Sur la respiration que nous avons désapprise — et ce que le Pranayama a à voir avec cela
Vous avez respiré environ 20 000 fois aujourd'hui. La plupart du temps sans le remarquer. C'est d'une part un miracle de la biologie — d'autre part, si on y regarde de plus près, un problème silencieux.
Car bien que la respiration soit la plus fondamentale de toutes les fonctions corporelles, la plupart des gens la font mal. Pas de manière dramatiquement fausse — pas de danger aigu. Mais suffisamment fausse chroniquement pour maintenir le système nerveux dans un état d'alerte légèrement élevé en permanence, sans que l'on ne découvre jamais pourquoi l'on se sent épuisé, agité ou mal reposé, alors que l'on ne fait "rien de spécial".
La physiologie
Pourquoi une bonne respiration change tout
La respiration est la seule fonction corporelle autonome que nous pouvons contrôler consciemment. Rythme cardiaque, digestion, sécrétion hormonale — tout fonctionne sans notre intervention. La respiration est l'exception : elle fonctionne automatiquement, mais nous pouvons la reprendre à tout moment. Cela en fait l'accès le plus direct que nous ayons au système nerveux autonome.

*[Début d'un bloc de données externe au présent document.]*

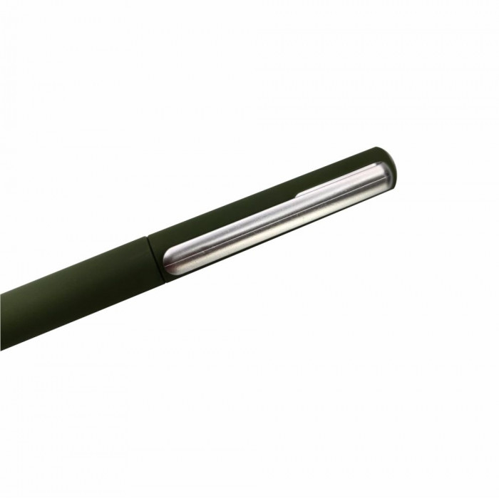 Ручка обладнана пластиковим затискачем сріблястого кольору. За допомогою затискача вона кріпиться в кишені рюкзака чи сумки.
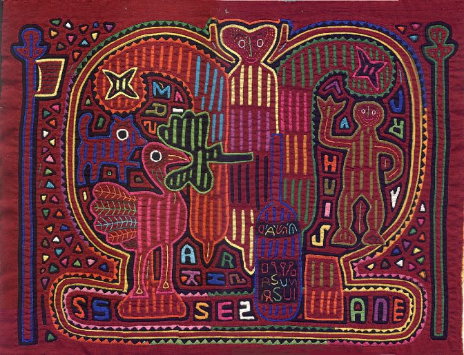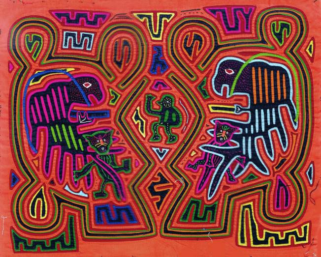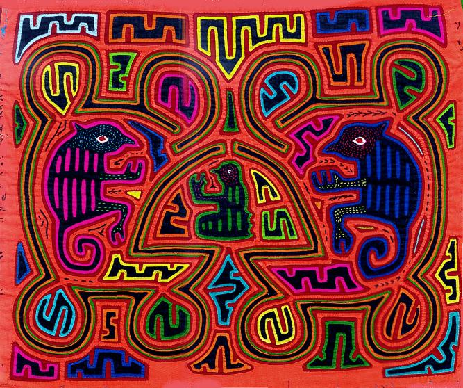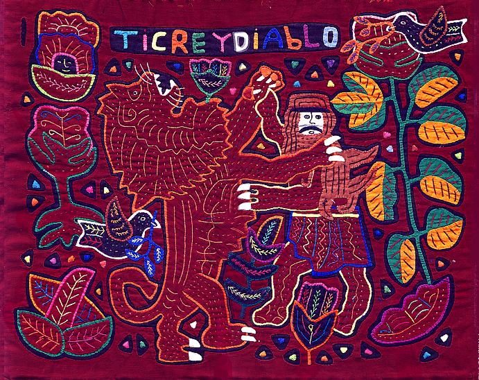 Tigre y Diablo This is a very peculiar mola that the mola maker has labeled "Ticre y Diablo", she probably meant to write "Tigre y Diablo" referring to a devil and the proud looking lion that she has confused with a tiger! The motif for this mola was more than likely inspired by a storybook. I tend to lean towards Beauty and the Beast or maybe the Wizard of Oz or maybe one of the hundreds of other stories. We do have a majestic looking lion (probably was once a prince) dancing in a garden with a long haired humanoid creature with claws. The Kuna designs are inspired by many sources. One of their favorites is from storybooks, comic books, greeting cards and any other printed matter. These are copied and often adapted to meet the Kuna woman's fancy. This mola is approximately 15 years or older.The top layer of the mola is maroon, the bottom layer is black. The mola maker has added another layer of fabric on the bottom to give it more weight. She has used other colors between the maroon and black layers, mainly orange and other smaller pieces. The mola is soft from the wear and the washings but shows very little fading. Dimensions: 16-1/2" x 13" |
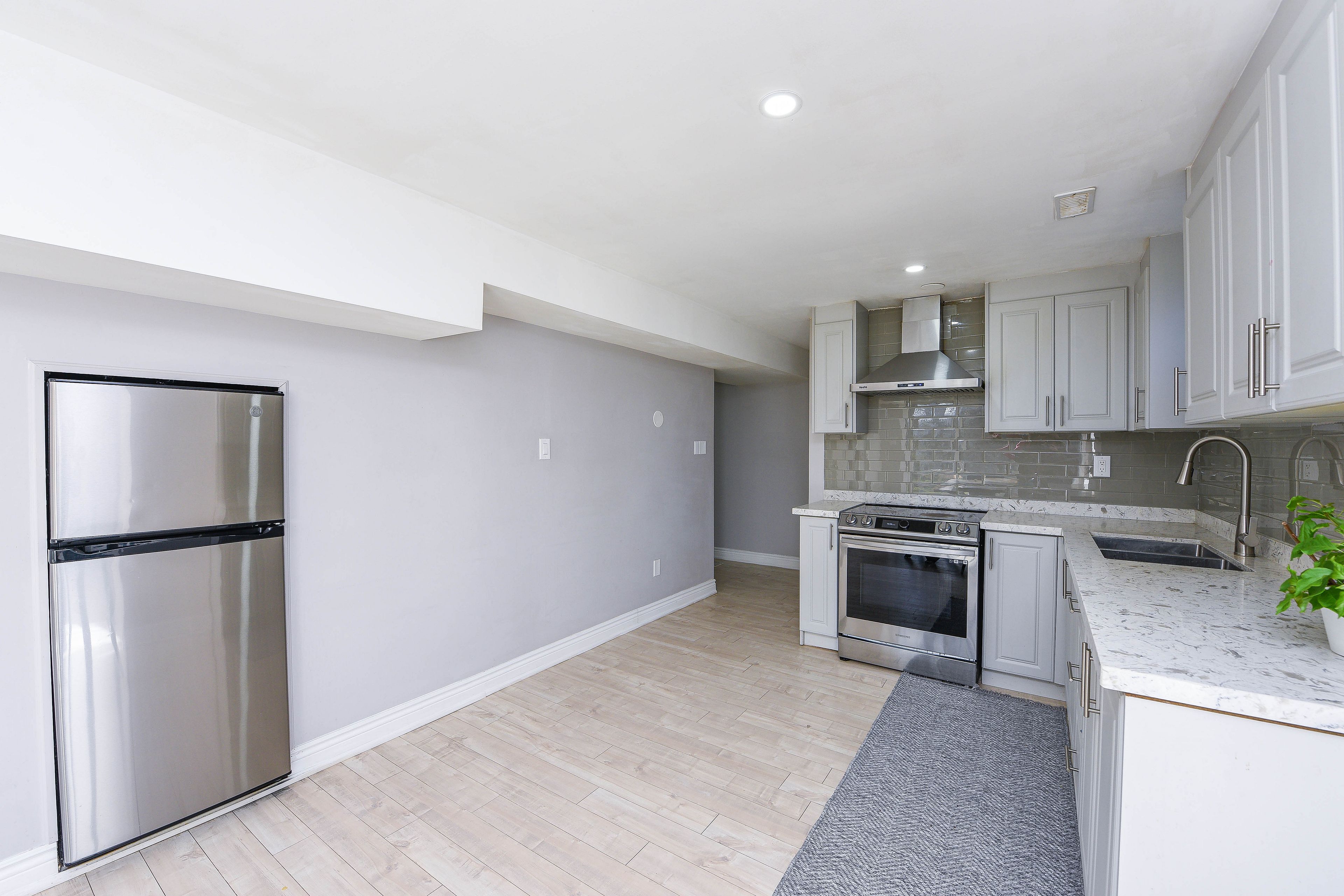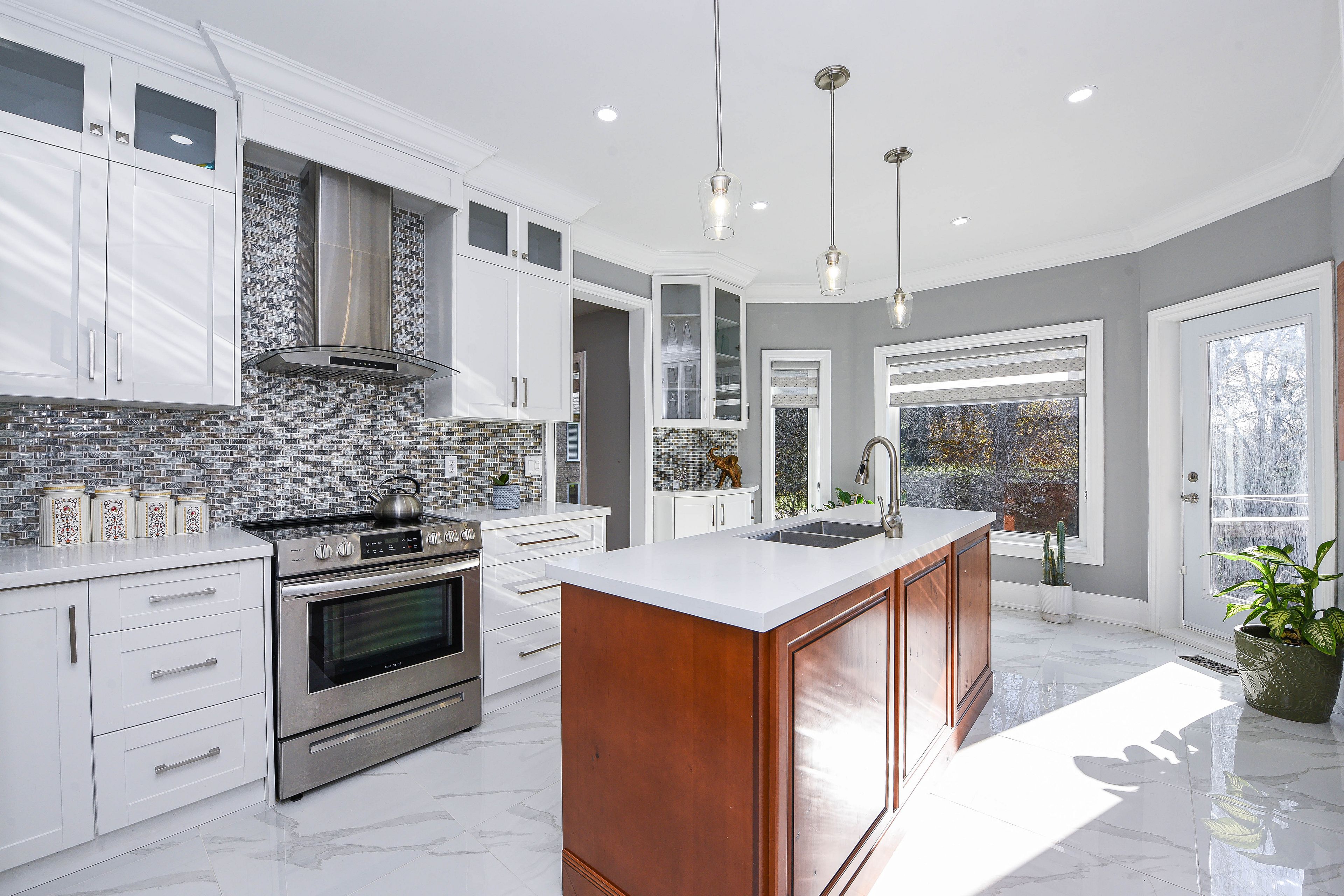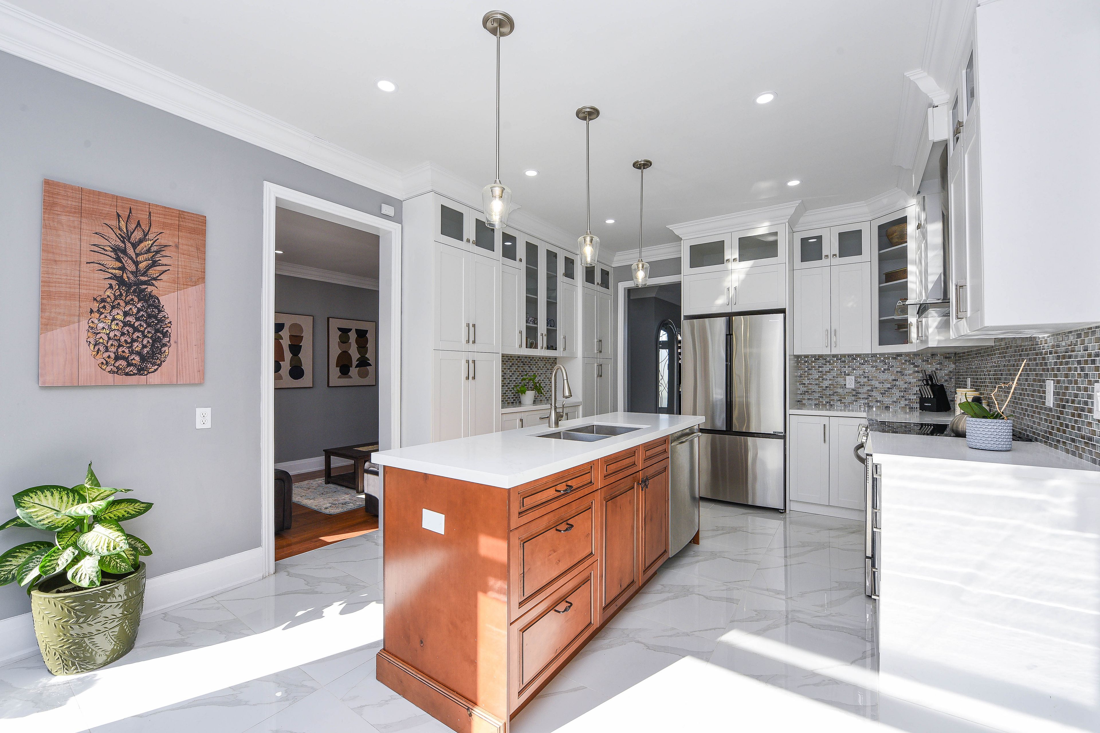 • Large eat-in kitchen with center island and quartz countertops.

La respiration thoracique superficielle — devenue une habitude chez la plupart des adultes, surtout devant un écran, en réunion, en scrollant — active chroniquement le système sympathique. Le corps interprète une respiration rapide et superficielle comme un signal de danger, même s'il n'y en a pas. Le niveau de cortisol reste légèrement élevé. La digestion fonctionne en mode économie. Le sommeil est moins profond qu'il ne pourrait l'être.
En revanche, la respiration abdominale lente et profonde active le nerf vague — le nerf principal du système parasympathique. La fréquence cardiaque diminue, la tension artérielle diminue, la digestion redémarre, le cerveau passe du mode réactif au mode réflexif. Ce n'est pas de la méditation, pas de la philosophie — c'est de la physiologie.
« La respiration est le pont entre l'esprit, que vous pouvez contrôler, et le corps, qui le fait tout seul. »
Ce que la recherche moderne sur la respiration — des travaux d'Andrew Huberman aux études du physiologiste Konstantin Buteyko — a découvert au cours des dernières décennies, la tradition ayurvédique le savait déjà il y a 3 000 ans : la respiration n'est pas un phénomène qui accompagne la vie. Elle en est le tempo.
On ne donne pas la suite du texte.